(Work request) Using the entries below, copy exactly each line from the line with "Leírás: Gyöngyből fűzött" up to and including the line with "Mylookpro vous recommande", with every picture left out.

(Data section)
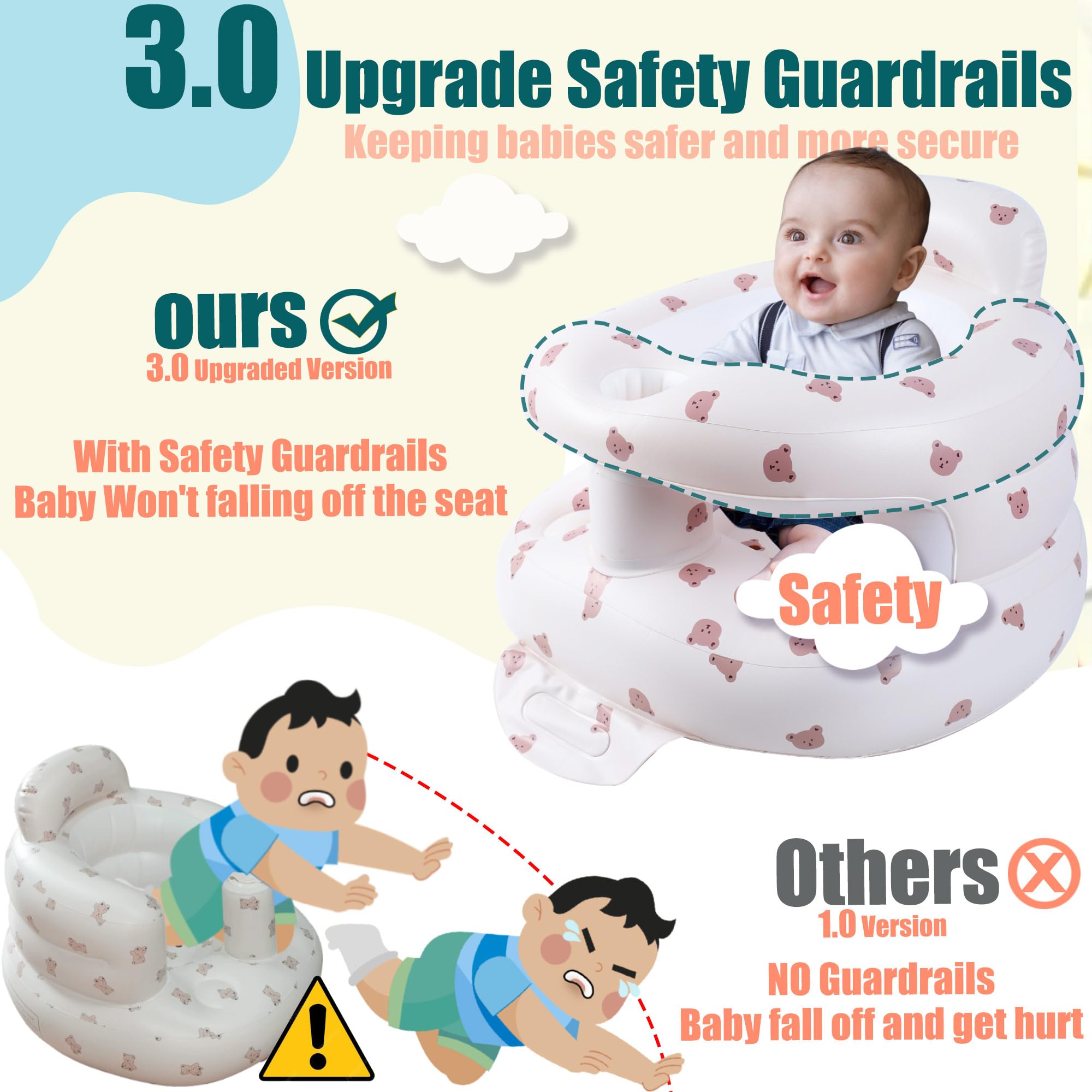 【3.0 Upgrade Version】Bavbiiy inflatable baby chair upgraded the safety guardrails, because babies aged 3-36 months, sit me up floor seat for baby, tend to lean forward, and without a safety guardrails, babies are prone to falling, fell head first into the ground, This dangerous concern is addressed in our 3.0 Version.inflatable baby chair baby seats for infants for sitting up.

---

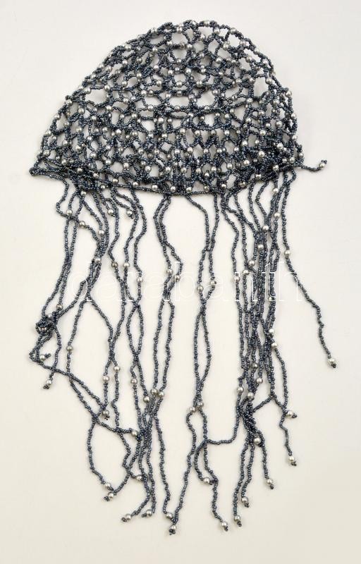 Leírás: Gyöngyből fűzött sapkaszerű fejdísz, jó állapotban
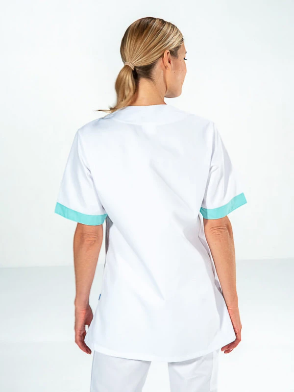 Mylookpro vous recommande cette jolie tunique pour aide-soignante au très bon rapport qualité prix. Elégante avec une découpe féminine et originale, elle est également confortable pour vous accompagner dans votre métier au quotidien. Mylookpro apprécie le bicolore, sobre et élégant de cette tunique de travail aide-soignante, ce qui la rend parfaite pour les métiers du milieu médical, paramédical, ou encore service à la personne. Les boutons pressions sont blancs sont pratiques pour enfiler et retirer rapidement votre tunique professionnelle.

(Task result)
 Leírás: Gyöngyből fűzött sapkaszerű fejdísz, jó állapotban
 Mylookpro vous recommande cette jolie tunique pour aide-soignante au très bon rapport qualité prix. Elégante avec une découpe féminine et originale, elle est également confortable pour vous accompagner dans votre métier au quotidien. Mylookpro apprécie le bicolore, sobre et élégant de cette tunique de travail aide-soignante, ce qui la rend parfaite pour les métiers du milieu médical, paramédical, ou encore service à la personne. Les boutons pressions sont blancs sont pratiques pour enfiler et retirer rapidement votre tunique professionnelle.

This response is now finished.